Many web applications ask the person doing the installation to fill in a few configuration settings. These are often important pieces of information that tell the web app about the environment in which it will operate, and how the administrator would like the application to behave. It is not unheard-of to ask the person to edit some code – perhaps an initialization file – in order to input this information. When this is the case, I recommend that you keep the amount of code edited by the user to a minimum and try make your web application as intelligent as possible when it comes to discerning configuration and environment settings.
One of the most common configuration settings that a web application will ask for is the path to its base (or “root”) directory. This helps the application locate other vital components, such as templates, code libraries, and data files. PHP has a built-in function called dirname that makes it very easy for your web app to automatically figure out its own base directory.

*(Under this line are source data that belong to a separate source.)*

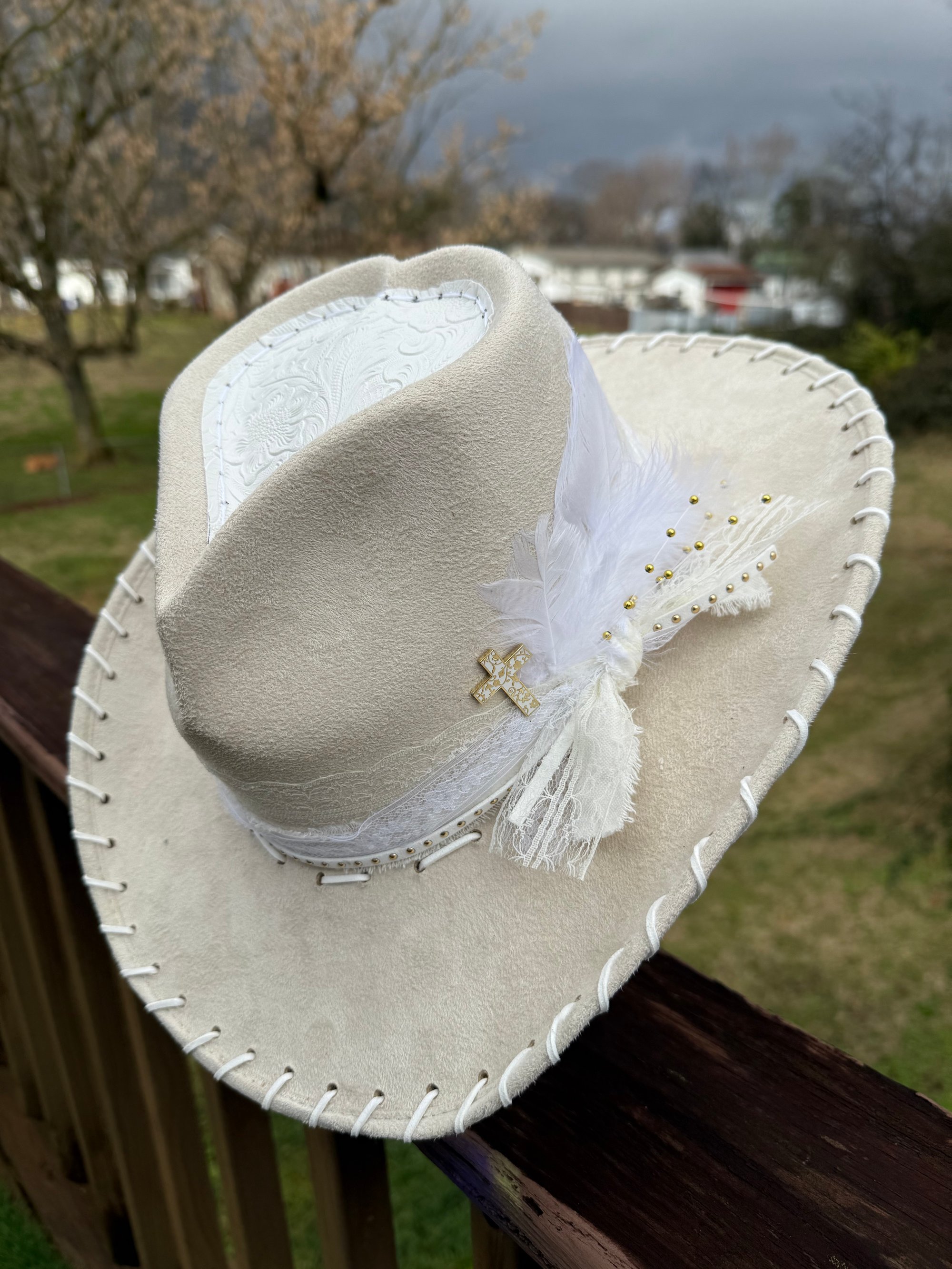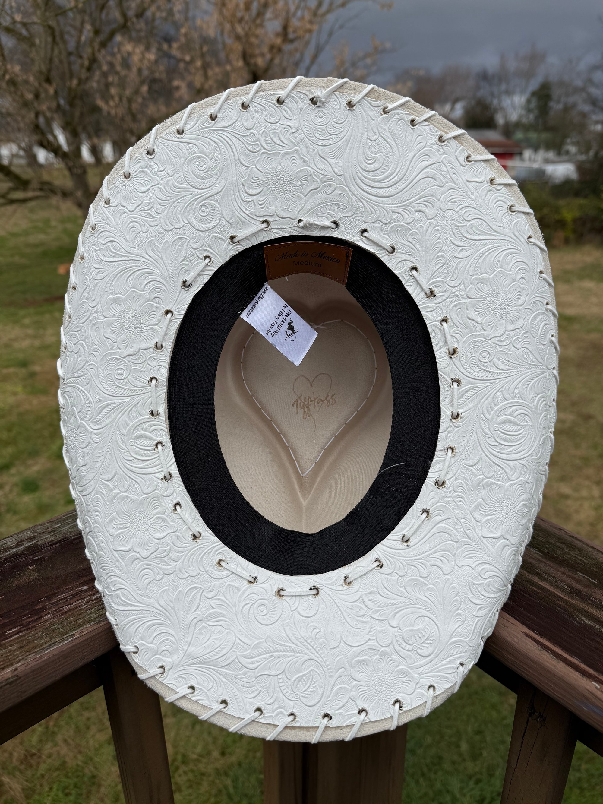 “Golden Kiss” Heart Shaped Bridal Cowboy Hat with Tooled Paisley Leather
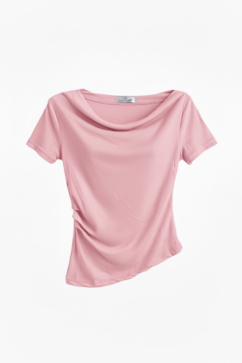 Camiseta Asimétrica Hombro Rosa
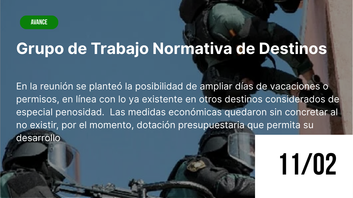 Madrid, 16 de febrero de 2026. JUCIL ha participado en el último Grupo de Trabajo sobre Normativa de Destinos (GT-8), celebrado el 11 de febrero en la Dirección General de la Guardia Civil, en el que la Administración trasladó nuevas propuestas de modificación de la normativa con el objetivo declarado de favorecer la ocupación de destinos en Cataluña, País Vasco, Comunidad Foral de Navarra e Islas Baleares, de cara a su posterior valoración en la Comisión de Normativa y en el Pleno del Consejo.
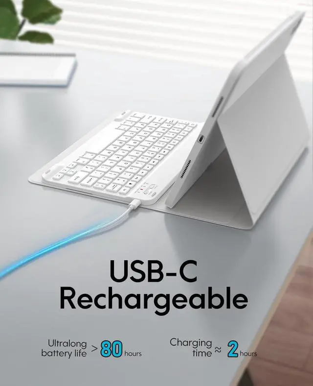 Perfect for working, writing or watching videos at office, school and home. ^^ EXCELLENT PROTECTIONThe keyboard case comes with anti-slide design and 360 full protection against drops, bumps or bents, protecting your tablet from all sorts of dropping accidents. Specially designed 4 raised little rubbers on the edge of keyboard protect the screen better and tablet from being scratched by keyboard. With a keyboard protector prevents liquid or other objects from entering the keyboard. ^^ PENCIL HOLDER & CUTOUTS & BATTERYBuilt-in Apple Pencil holder, cap & adapter slots, storage your Apple Pencil, easily to carry your tablet Stylus Pen and use when needed.
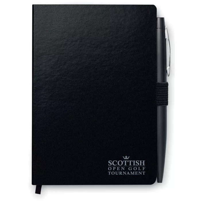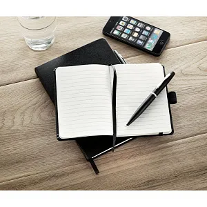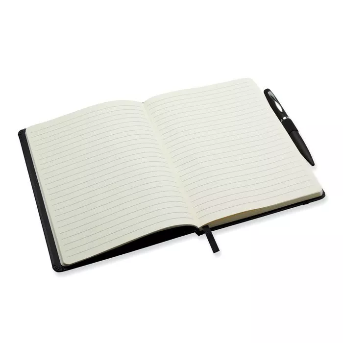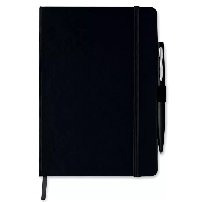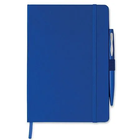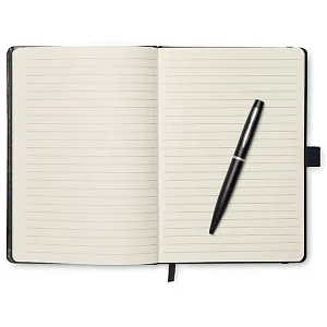 Блокнот A5 с обложкой из картона, 72 линованных листа, с лентой- закладкой, перетянут резинкой. Включает металлическую шариковую ручку с синими чернилами.
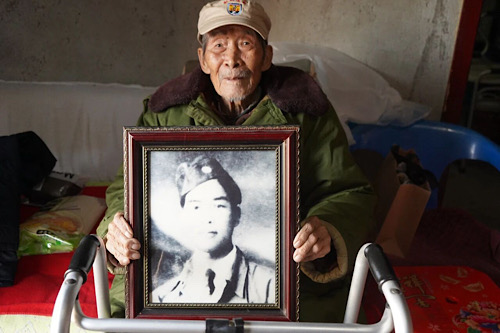 约1943年被抓壮丁入伍,服役于国民革命军第4军59师175团,任步兵,持“汉阳造”步枪在湖南郴州地区与日军多次交战,亲历阵地防御战。抗战胜利后归乡,务农至今。
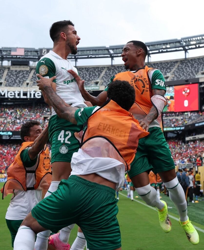 Em partida disputada em Nova Jersey, sob forte calor, o Palmeiras venceu o Al Ahly por 2 a 0 e confirmou sua força no torneio. O primeiro tempo foi equilibrado, com poucas chances claras devido ao desgaste físico provocado pelo clima. A melhor oportunidade foi do Verdão, quando Estêvão fez bela jogada individual e finalizou com perigo, aos 17 minutos. Aos 36, um susto: Raphael Veiga recebeu cartão vermelho após um carrinho, mas, após revisão no VAR, a decisão foi corrigida para cartão amarelo.
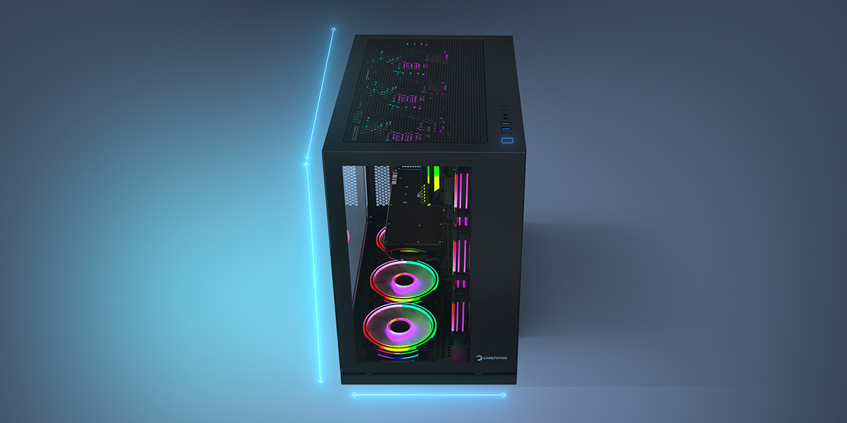 Genişlikten uzunluğa dengeli bir tasarıma sahip WARCRY Evo ile en zorlayıcı oyunlarda ihtiyacın olan GeForce RTX 4090 veya Radeon RX 7900 XTX ile tam uyumluluğa sahip ol.
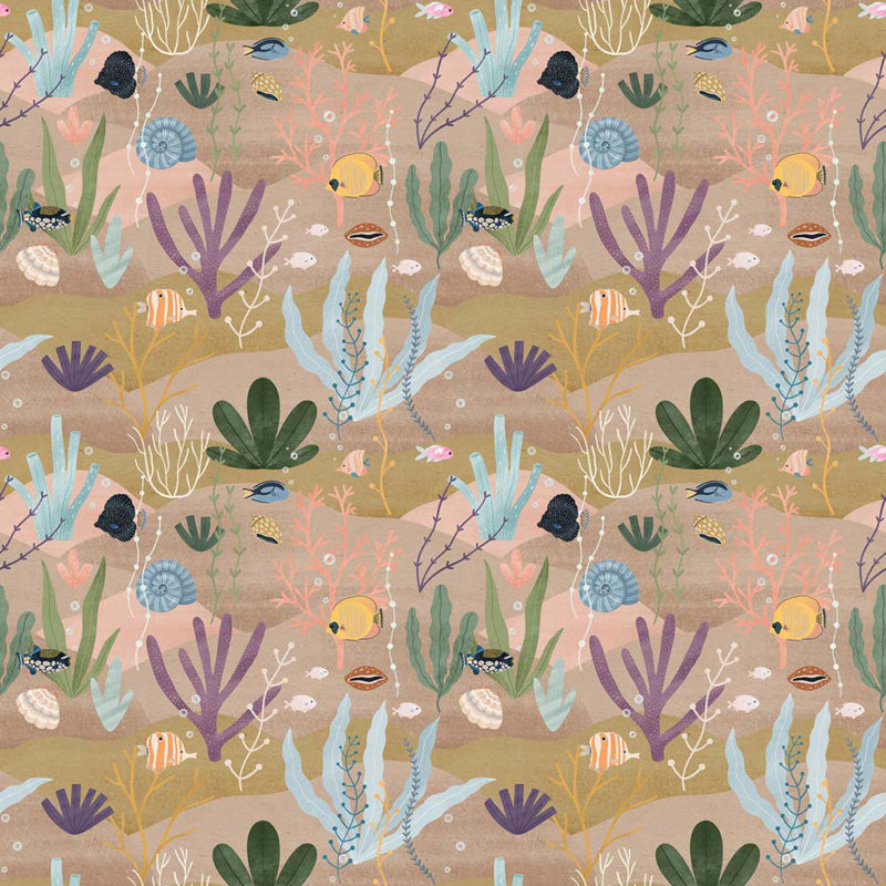 Each motif is hand-drawn with gentle shading and layered detail, giving the pattern a warm, tactile feel. The colour palette shifts between sandy browns, ocean greens, muted blues and coral pinks, allowing the design to work well in both coastal-inspired rooms and softly neutral interiors. The repeating layout creates a natural sense of rhythm, making it perfect for full-room coverage or a charming feature wall.

How to use the dirname function
I like to use dirname in conjunction with the constant __FILE__ to figure out the script or application’s base directory. The magical constant __FILE__ (”file” in upper case, both preceded and followed by two underscores) gives the location of the PHP script. This constant is especially helpful in included or required scripts, because it gives the location of the PHP script file in which it lives, rather than the location of the script that issued the include or require directive. Pass __FILE__ to the dirname function, and you get back the directory in which your script is located.
Example
Here is a screenshot of a common directory layout I utilize when building a web application in PHP:
I can place define('MY_PATH', dirname(dirname(__FILE__))); in init.inc.php, and the constant MY_PATH would then hold the path to the base directory of my web application (”mysite”). Any PHP script that includes or requires that initialization file can then use the MY_PATH constant to refer to other files throughout the web application’s directory structure.